**Study material**.
*** Block opens ***

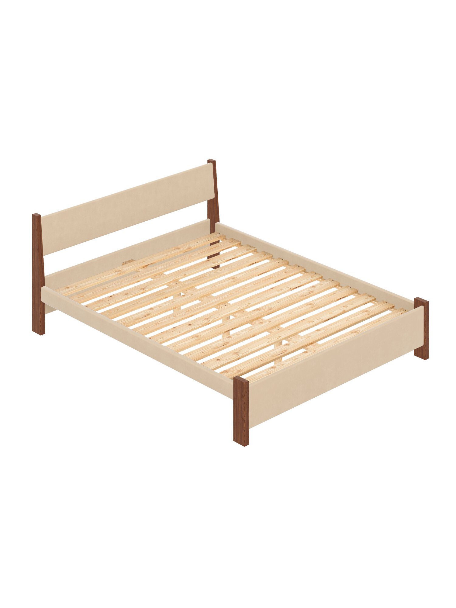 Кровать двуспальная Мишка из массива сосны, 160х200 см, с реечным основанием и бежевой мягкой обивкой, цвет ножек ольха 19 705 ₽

*** Block closes ***
*** Block opens ***

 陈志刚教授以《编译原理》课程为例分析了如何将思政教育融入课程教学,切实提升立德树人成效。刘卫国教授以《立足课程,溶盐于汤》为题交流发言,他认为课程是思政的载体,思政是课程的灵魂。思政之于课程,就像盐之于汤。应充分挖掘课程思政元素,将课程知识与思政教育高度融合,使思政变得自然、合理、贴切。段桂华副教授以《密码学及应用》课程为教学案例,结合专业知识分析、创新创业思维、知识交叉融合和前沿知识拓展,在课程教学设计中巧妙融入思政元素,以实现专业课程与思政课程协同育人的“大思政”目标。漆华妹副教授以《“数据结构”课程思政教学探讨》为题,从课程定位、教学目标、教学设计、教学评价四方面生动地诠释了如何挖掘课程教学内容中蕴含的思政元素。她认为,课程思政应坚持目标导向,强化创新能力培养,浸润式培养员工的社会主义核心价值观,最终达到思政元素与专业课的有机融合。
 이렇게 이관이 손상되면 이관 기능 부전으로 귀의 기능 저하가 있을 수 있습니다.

*** Block closes ***
*** Block opens ***

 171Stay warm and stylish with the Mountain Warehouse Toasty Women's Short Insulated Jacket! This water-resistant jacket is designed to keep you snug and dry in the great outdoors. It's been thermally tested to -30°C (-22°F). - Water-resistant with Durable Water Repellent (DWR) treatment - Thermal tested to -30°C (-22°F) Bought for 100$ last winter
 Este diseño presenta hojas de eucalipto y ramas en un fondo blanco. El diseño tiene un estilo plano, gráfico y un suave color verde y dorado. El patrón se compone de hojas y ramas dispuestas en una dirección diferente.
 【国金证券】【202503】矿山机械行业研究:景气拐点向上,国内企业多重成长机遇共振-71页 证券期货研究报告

*** Block closes ***

**Work order**. Search the listing above for the lines with "陈志刚教授以《编译原理》课程" and "이렇게 이관이 손상되면 이관 기능 부전으로 귀의 기능 저하가 있을 수 있습니다.", then output those lines and all lines between them exactly.

**Finished exercise**.
 陈志刚教授以《编译原理》课程为例分析了如何将思政教育融入课程教学,切实提升立德树人成效。刘卫国教授以《立足课程,溶盐于汤》为题交流发言,他认为课程是思政的载体,思政是课程的灵魂。思政之于课程,就像盐之于汤。应充分挖掘课程思政元素,将课程知识与思政教育高度融合,使思政变得自然、合理、贴切。段桂华副教授以《密码学及应用》课程为教学案例,结合专业知识分析、创新创业思维、知识交叉融合和前沿知识拓展,在课程教学设计中巧妙融入思政元素,以实现专业课程与思政课程协同育人的“大思政”目标。漆华妹副教授以《“数据结构”课程思政教学探讨》为题,从课程定位、教学目标、教学设计、教学评价四方面生动地诠释了如何挖掘课程教学内容中蕴含的思政元素。她认为,课程思政应坚持目标导向,强化创新能力培养,浸润式培养员工的社会主义核心价值观,最终达到思政元素与专业课的有机融合。
 이렇게 이관이 손상되면 이관 기능 부전으로 귀의 기능 저하가 있을 수 있습니다.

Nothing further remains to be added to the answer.